# GitHub data integration fetch - **final stage**

As part of the ** final stage ** relevant GitHub data is integrated for the tools using [pyGitHub](https://pygithub.readthedocs.io/en/stable/).

In this notebook the GitHub data is fetched from GitHub.


## Imports

In [None]:
from github import Github
import pandas as pd
from snippets import *
import time

## Create GitHub Instance

You need to configure the GITHUB_TOKEN

In [None]:
# Use a valid GitHub API access token
GITHUB_TOKEN=""

In [None]:

g = Github(GITHUB_TOKEN)

## Load tools from consolidated stage

Try to get GitHub data for all the tools present in consolidated tool table

In [None]:
df = pd.read_csv("data/04_consolidated/tools.csv")
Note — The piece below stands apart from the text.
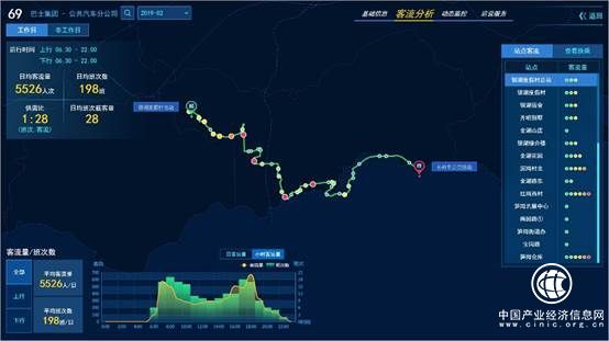 该平台的“综合分析系统”可谓是一个智慧“大脑”,它依托GIS可视化、大数据分析等技术,打造了“一动三静、宏微结合”的公交大数据分析平台。“一动”指的是公交运营动态信息监测,能够宏观掌控当日实时的运营班次、里程、客流量、在线率和运营速度等五大核心指标,并聚焦到具体线路和车辆,为企业运营和政府部门监管提供数据支持。“三静”是从公交行业积累的海量数据入手,分客流分析、基础资源、运营服务三个方面对行业的发展态势进行分析,可定期自动统计公交企业运营的各项指标,为行业决策、政策制定提供了全面、详实的数据保障。

## Fetch GitHub data for tools

Iterates over all tools and tries to fetch the GitHub project information considered as part of this thesis.
As the number of API request is limited for a certain time period. This might take multiple hours, as it is very naive and blocking implementation.

In [None]:
results=[]
errors = []

In [None]:
for id,repo_url in zip(df["id"].to_list(),df["repo_url"].to_list()):

    while g.rate_limiting[0]<50:
        time.sleep(600)
        print("wait for rate limit")
    is_github,pr_name = get_github_project_name_from_url(repo_url)
    #print(pr_name)
    if not is_github:
        continue
    pr_name_normalized=pr_name.replace("/","_")
    try:
        pr_info = get_project_infromation(g, pr_name)

        result= {"status":"okay",
                 "id":id,
                 "repo_url":repo_url,
                 "data":pr_info}
        
        results.append(result)

    except Exception as e:
        result= {"status":"error",
                 "id":id,
                 "repo_url":repo_url,
                 "data":e}
        results.append(result)
        print("ERROR:",pr_name)


### Save result of GitHub data integration

In [None]:
import pickle
with open('data/04_consolidated/github_scrape_results.pickle', 'wb') as handle:
    pickle.dump(results, handle, protocol=pickle.HIGHEST_PROTOCOL)